Weird depth buffer values

Started by
11 comments, last by Sharik 5 years, 2 months ago

Hi everyone!

Does anyone have a clue of what could be causing the depth buffer to look like this?

WeirdDepthBuffer.png.49063416c42ce563060b3d6176131344.png

I'm trying to render a single mesh of a terrain (it's easy to distinguish from the depth buffer), but it looks as if it was rendering the terrain with a weird texture on it... instead of the actual depth of the terrain.

I am clearing the depth/stencil view before that so I really have no clue of why could this happen.

Any ideas? 

"lots of shoulddas, coulddas, woulddas in the air, thinking about things they shouldda couldda wouldda donne, however all those shoulddas coulddas woulddas ran away when they saw the little did to come"
Advertisement

What are you using to actually view the depth buffer? Usually the best way to sanity check is to use the Visual Studio graphics debugger, take a snapshot, and compare what it has to what you have.

SlimDX | Ventspace Blog | Twitter | Diverse teams make better games. I am currently hiring capable C++ engine developers in Baltimore, MD.
40 minutes ago, Promit said:

What are you using to actually view the depth buffer? Usually the best way to sanity check is to use the Visual Studio graphics debugger, take a snapshot, and compare what it has to what you have.

This image is a snapshot taken from NVIDIA Nsight.

"lots of shoulddas, coulddas, woulddas in the air, thinking about things they shouldda couldda wouldda donne, however all those shoulddas coulddas woulddas ran away when they saw the little did to come"

Here's another one of the DepthBuffer with the mesh wireframe overlapped for comparison.. 

WeirdDepthBufferWithWireframe.png.19da73e33cf07673ac552c9062e4451a.png

There seems to be a pattern with some vertices, at first I thought it might had to do with a wrong winding order of some triangles, but I have set D3D11_CULL_NONE, so if that was the case it should be drawing them regardless.

"lots of shoulddas, coulddas, woulddas in the air, thinking about things they shouldda couldda wouldda donne, however all those shoulddas coulddas woulddas ran away when they saw the little did to come"

I find it hard to believe the depth buffer actually has values in it that represent this pattern. More likely it's some a failed visualisation of the data. Perhaps something to do with interpreting floats as uints or via versa, or maybe a quirk related to how Nsight is dealing with a 24-bit depth buffer?

Have you tried another Graphics Debugger such as RenderDoc or Intel GPA?

Adam Miles - Principal Software Development Engineer - Microsoft Xbox Advanced Technology Group

18 hours ago, ajmiles said:

Have you tried another Graphics Debugger such as RenderDoc or Intel GPA?

thanks ajmiles,

Yes, the depth buffer is consistent across NVidia NSight, Intel GPA and RenderDoc... and needless to say, the application renders the terrain generating holes randomly everywhere while moving the camera (i.e. they're not fixed for a different point of view).

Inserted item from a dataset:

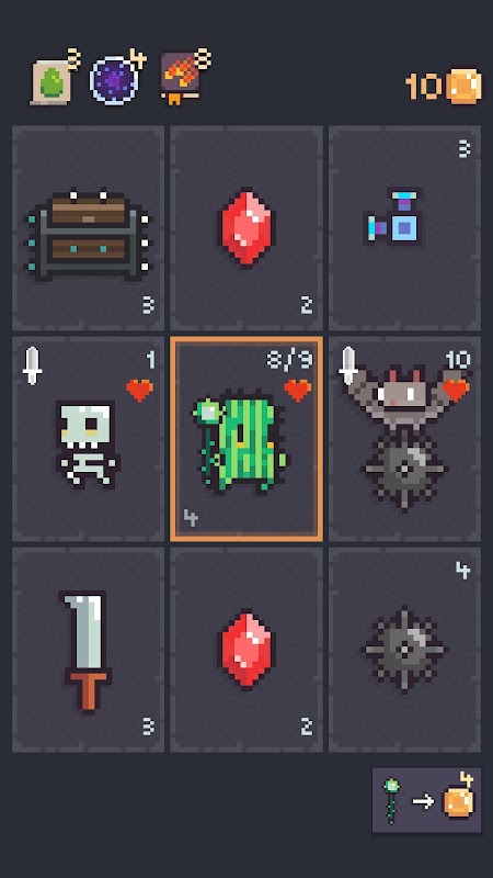 Dungeon Cards 2 یک خزنده سیاهچال نوبتی با عناصر پازل و سرکش است. کارت خود را در یک شبکه حرکت دهید، با کارت های همسایه - هیولاها، تله ها، معجون ها، سلاح ها و موارد دیگر تعامل کنید. هدف: تا جایی که ممکن است طلا جمع آوری کنید. نمرات بالا سطوح، قهرمانان و توانایی های جدید را باز می کند.

"lots of shoulddas, coulddas, woulddas in the air, thinking about things they shouldda couldda wouldda donne, however all those shoulddas coulddas woulddas ran away when they saw the little did to come"
Just now, jakovo said:

thanks ajmiles,

Yes, the depth buffer is consistent across NVidia NSight, Intel GPA and RenderDoc... and needless to say, the application renders the terrain generating holes randomly everywhere while moving the camera (i.e. they're not fixed for a different point of view).

Maybe you could share a RenderDoc capture?

Adam Miles - Principal Software Development Engineer - Microsoft Xbox Advanced Technology Group

What is your near/far Z values?

.:vinterberg:.

Thanks everyone for your answers,

So, I finally found the problem... it was that the terrain mesh (which is being proceduarlly generated) had the values for the vertices' position attribute (in local-space) around the millions, so looks like that was driving the GPU crazy... just forced it to stay in the thousands and everything worked as expected.

(Interesting though, on Intel HD 4600 graphics there was no rendering issue)

 

Oh well, i'm just leaving the answer here if anyone else runs in such a weird behavior.

"lots of shoulddas, coulddas, woulddas in the air, thinking about things they shouldda couldda wouldda donne, however all those shoulddas coulddas woulddas ran away when they saw the little did to come"
1 hour ago, jakovo said:

Thanks everyone for your answers,

So, I finally found the problem... it was that the terrain mesh (which is being proceduarlly generated) had the values for the vertices' position attribute (in local-space) around the millions, so looks like that was driving the GPU crazy... just forced it to stay in the thousands and everything worked as expected.

(Interesting though, on Intel HD 4600 graphics there was no rendering issue)

 

Oh well, i'm just leaving the answer here if anyone else runs in such a weird behavior.

It still shouldn't be causing this problem. Please post your near/far values as requested by vinterberg. A too small near value will screw up your depth precision. Better to fix the problem at the source than patching it.

This topic is closed to new replies.